PROBLEM DESCRIPTION:
Please repeat the records exactly, keeping the pictures out.

-=-=-=-=-

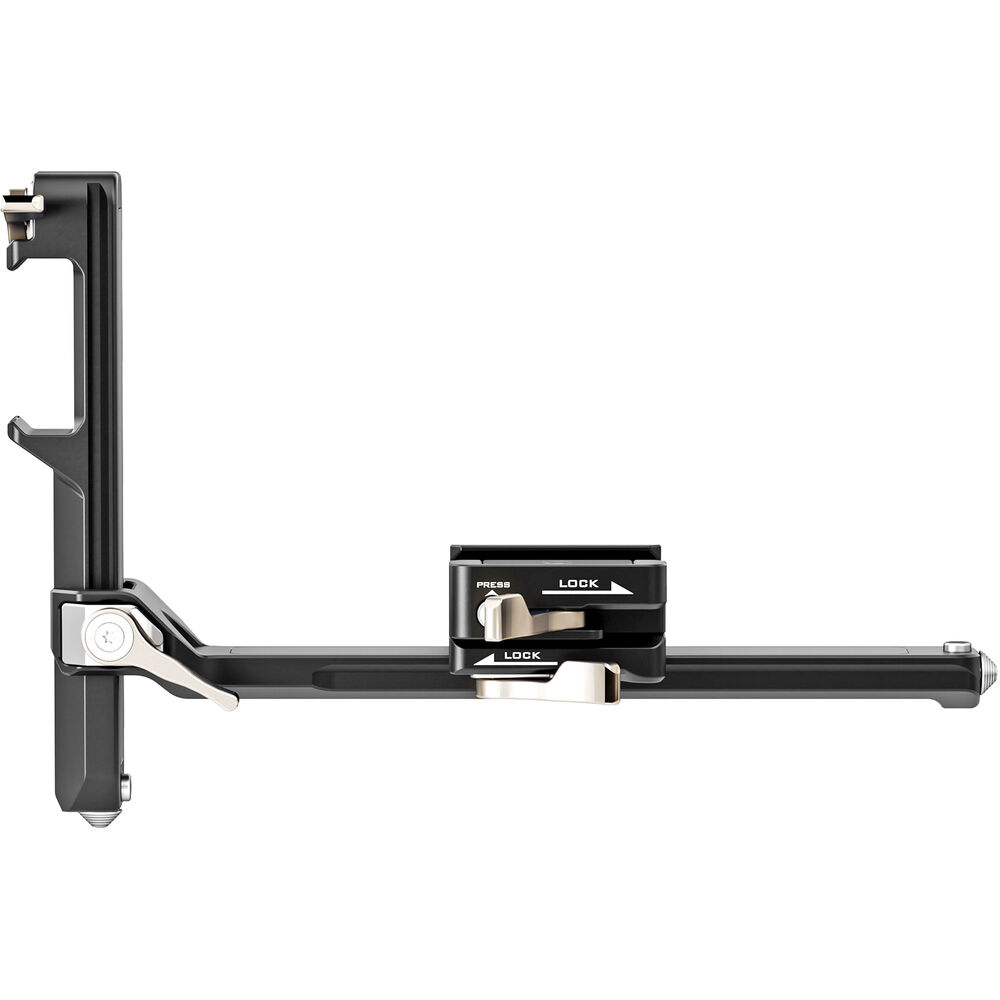The arm extends the arm 0.8" longer vertically than the original, and the horizontal arm measures 4.4", lowering the center of gravity for easier mounting. The quick release receiver accepts the original plate, and it rotates 360° to assist in balancing.
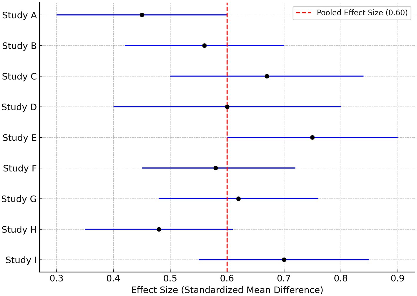 Meta-analyses were conducted using a random-effects model to account for heterogeneity. Effect sizes were reported as standardized mean differences or odds ratios with 95 percent confidence intervals. Statistical heterogeneity was assessed using I2 statistics, which considers heterogeneity substantial if greater than 50 percent (Cochran’s Q test), and was therefore included. Publication bias was assessed visually through funnel plotting and analytically, using Egger’s regression test. Sensitivity analyses were conducted by consecutively removing studies from analysis to determine the stability of results. Sub-group analyses to evaluate heterogeneity were conducted according to intervention, length of follow-up, and study designs, where applicable. All analyses were conducted in STATA software version 17.0 and ProMeta 3.0 (26).
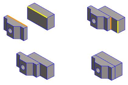 Add coincidence constraint. - Select a face, line, or a point from the first part.
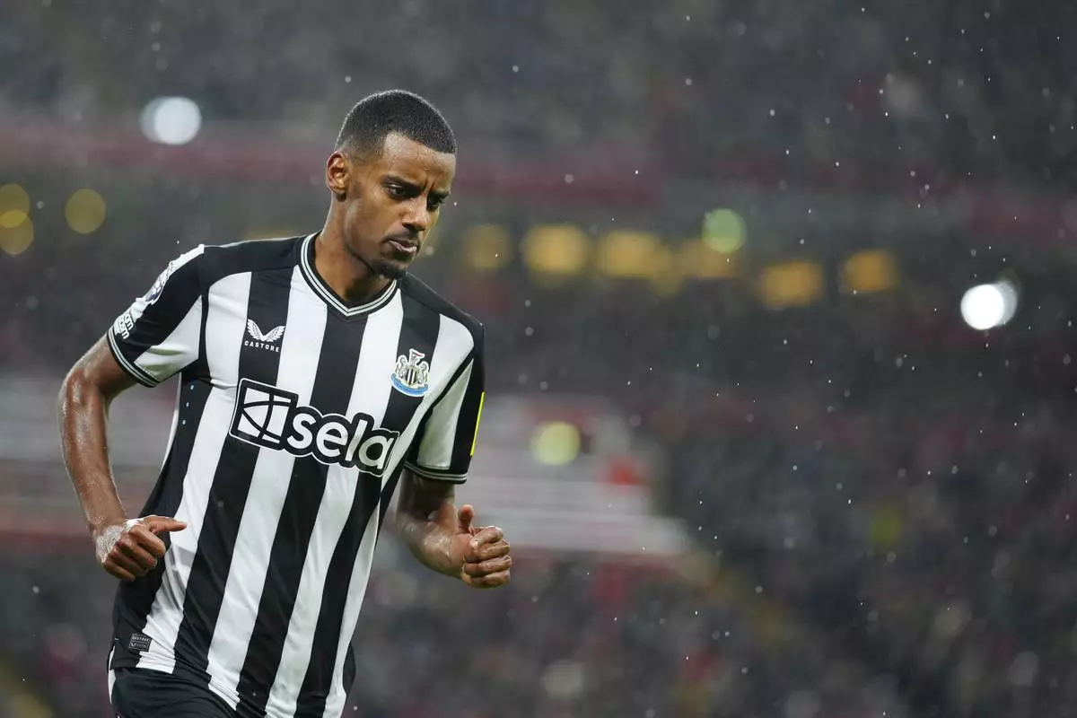 FILE - Newcastle's Alexander Isak celebrates after scoring his side's opening goal during the English Premier League soccer match between Liverpool and Newcastle, at Anfield stadium in Liverpool, England, Monday, Jan. 1, 2024. (AP Photo/Jon Super, File)
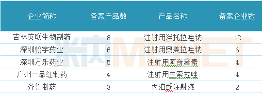 表2:注射劑一致性評價參比制劑備案企業及產品TOP5
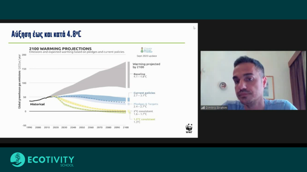 Η ημέρα ξεκίνησε με την ομιλία του Τέλη Τύμπα, για ένα βιώσιμο ενεργειακό μέλλον που αξιοποιεί τα διδάγματα του παρελθόντος. Στη συνέχεια, ο Δημήτρης Ιμπραήμ από τη WWF Ελλάδος μας εισήγαγε στον όρο κλιματική ουδετερότητα. Ο Γιώργος Βελεγράκης, θέτοντας το δίλημμα εξορύξεις υδρογονανθράκων ή βιωσιμότητα, προβλημάτισε ευχάριστα τους “Ecotivians”.
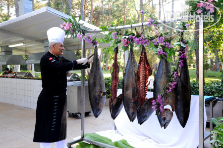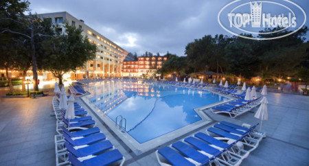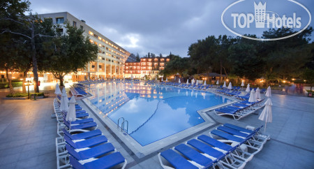 Были в этом отеле в начале июня , собрались спонтанно , выбора особенно не было... Забронировали экорум(( В Турции уже была 17 раз.. Итак : отель старенький , если вы забронировали экорум, не обольщайтесь - он будет не экологичным , а экономичным маленьким с видом на раскаленную крышу ! Нам пришлось доплатить 70$ за 7 дней , что бы получить такой же маленький ,но с видом на СПА крышу из которой переодически валил дым ( это же СПА) внизу которого собирался персонал на чаепитие.. Еще блондинка с каменным лицом на рецепции предлагала номер с видом на бассейн, за который нужно доплатить было 140 $ ..мы остановились на первом ( он хотя бы был в тени).. Что бы добраться до номера , нужно пройти два длинных душных коридора.. В номере кондиционер центральный и работает только на +25 , ночью довольно мучительно... имейте ввиду ! Еда нормальная , разнообразная на любой вкус.., один раз за неделю была клубника, иногда были морепродукты , в кафе у моря еда по меню быстро вкусно. Из ультра было только мороженое везде и поздний ужин ) В аля карт не попали - запись за неделю(((. Заход в море можно для себя подобрать ..или с пирса или в тапках , или с поручнем. Для детей много всего. И самое главное: что мне резало слух -это музыка .... она везде и везде старая , как будто я вернулась в Турцию на 30 лет назад ! Диджеям ставлю двойку !!! Даже в вечернем шоу на пляже пели одно старьё , вот как выучили песни 30 лет назад , так и поют их 30 лет ничего не меняя((( Вывод : если вас не смущает духота в номере , старые номера и надоевшие хиты аля 90-х , то вам сюда.. Но за эти деньги , я бы поискала что нибудь поновее и современнее.. Наша цена была 193000 + 70$ доплата на 7 ночей с 29.05 по 5.06-2025г.
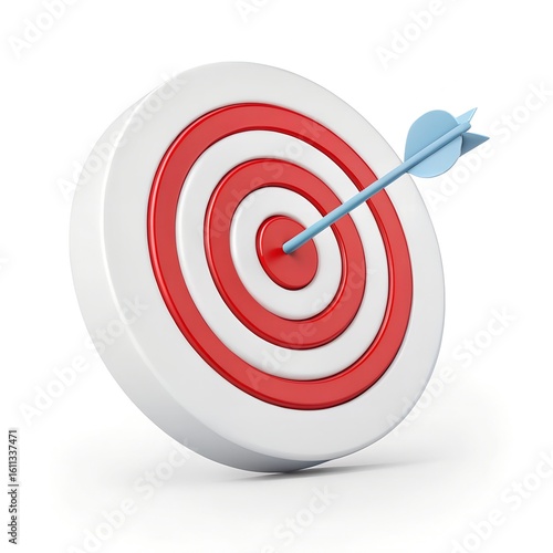 A red and white target with an arrow hitting the bullseye, representing goal achievement and success
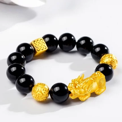 曜璟瑞辰·ObsiRegius — AU999 Gold × Obsidian Pixiu Bracelet | Premium Zodiac Wealth · Unisex Trendy Jewelry
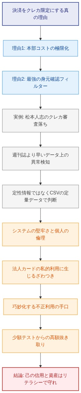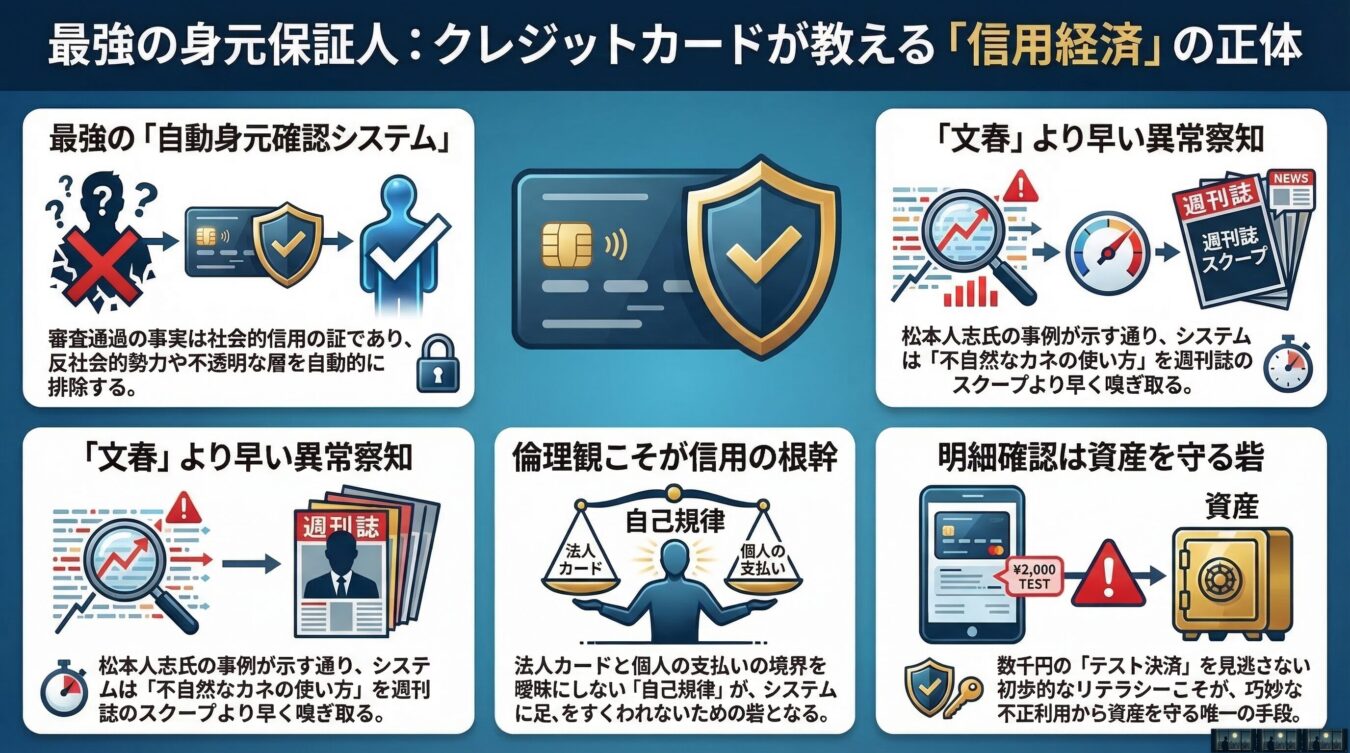 【結論】 クレジットカードの決済システムは、単なる便利な支払い手段ではなく、個人の信用を冷徹なデータ(CSV)で可視化する最強の「身元確認フィルター」である 。松本人志の審査落ちが示すように、システムは噂やスキャンダルよりも早く「異常なカネの流れ」を察知する 。だからこそ、我々はその堅牢なシステムを利用しつつも、個人の倫理観と明細確認というリテラシーで自己防衛しなければならない 。

-=-=-=-=-

WRITTEN REPLY:
The arm extends the arm 0.8" longer vertically than the original, and the horizontal arm measures 4.4", lowering the center of gravity for easier mounting. The quick release receiver accepts the original plate, and it rotates 360° to assist in balancing.
 Meta-analyses were conducted using a random-effects model to account for heterogeneity. Effect sizes were reported as standardized mean differences or odds ratios with 95 percent confidence intervals. Statistical heterogeneity was assessed using I2 statistics, which considers heterogeneity substantial if greater than 50 percent (Cochran’s Q test), and was therefore included. Publication bias was assessed visually through funnel plotting and analytically, using Egger’s regression test. Sensitivity analyses were conducted by consecutively removing studies from analysis to determine the stability of results. Sub-group analyses to evaluate heterogeneity were conducted according to intervention, length of follow-up, and study designs, where applicable. All analyses were conducted in STATA software version 17.0 and ProMeta 3.0 (26).
 Add coincidence constraint. - Select a face, line, or a point from the first part.
 FILE - Newcastle's Alexander Isak celebrates after scoring his side's opening goal during the English Premier League soccer match between Liverpool and Newcastle, at Anfield stadium in Liverpool, England, Monday, Jan. 1, 2024. (AP Photo/Jon Super, File)
 表2:注射劑一致性評價參比制劑備案企業及產品TOP5
 Η ημέρα ξεκίνησε με την ομιλία του Τέλη Τύμπα, για ένα βιώσιμο ενεργειακό μέλλον που αξιοποιεί τα διδάγματα του παρελθόντος. Στη συνέχεια, ο Δημήτρης Ιμπραήμ από τη WWF Ελλάδος μας εισήγαγε στον όρο κλιματική ουδετερότητα. Ο Γιώργος Βελεγράκης, θέτοντας το δίλημμα εξορύξεις υδρογονανθράκων ή βιωσιμότητα, προβλημάτισε ευχάριστα τους “Ecotivians”.
 Были в этом отеле в начале июня , собрались спонтанно , выбора особенно не было... Забронировали экорум(( В Турции уже была 17 раз.. Итак : отель старенький , если вы забронировали экорум, не обольщайтесь - он будет не экологичным , а экономичным маленьким с видом на раскаленную крышу ! Нам пришлось доплатить 70$ за 7 дней , что бы получить такой же маленький ,но с видом на СПА крышу из которой переодически валил дым ( это же СПА) внизу которого собирался персонал на чаепитие.. Еще блондинка с каменным лицом на рецепции предлагала номер с видом на бассейн, за который нужно доплатить было 140 $ ..мы остановились на первом ( он хотя бы был в тени).. Что бы добраться до номера , нужно пройти два длинных душных коридора.. В номере кондиционер центральный и работает только на +25 , ночью довольно мучительно... имейте ввиду ! Еда нормальная , разнообразная на любой вкус.., один раз за неделю была клубника, иногда были морепродукты , в кафе у моря еда по меню быстро вкусно. Из ультра было только мороженое везде и поздний ужин ) В аля карт не попали - запись за неделю(((. Заход в море можно для себя подобрать ..или с пирса или в тапках , или с поручнем. Для детей много всего. И самое главное: что мне резало слух -это музыка .... она везде и везде старая , как будто я вернулась в Турцию на 30 лет назад ! Диджеям ставлю двойку !!! Даже в вечернем шоу на пляже пели одно старьё , вот как выучили песни 30 лет назад , так и поют их 30 лет ничего не меняя((( Вывод : если вас не смущает духота в номере , старые номера и надоевшие хиты аля 90-х , то вам сюда.. Но за эти деньги , я бы поискала что нибудь поновее и современнее.. Наша цена была 193000 + 70$ доплата на 7 ночей с 29.05 по 5.06-2025г.
 A red and white target with an arrow hitting the bullseye, representing goal achievement and success
 曜璟瑞辰·ObsiRegius — AU999 Gold × Obsidian Pixiu Bracelet | Premium Zodiac Wealth · Unisex Trendy Jewelry
 【結論】 クレジットカードの決済システムは、単なる便利な支払い手段ではなく、個人の信用を冷徹なデータ(CSV)で可視化する最強の「身元確認フィルター」である 。松本人志の審査落ちが示すように、システムは噂やスキャンダルよりも早く「異常なカネの流れ」を察知する 。だからこそ、我々はその堅牢なシステムを利用しつつも、個人の倫理観と明細確認というリテラシーで自己防衛しなければならない 。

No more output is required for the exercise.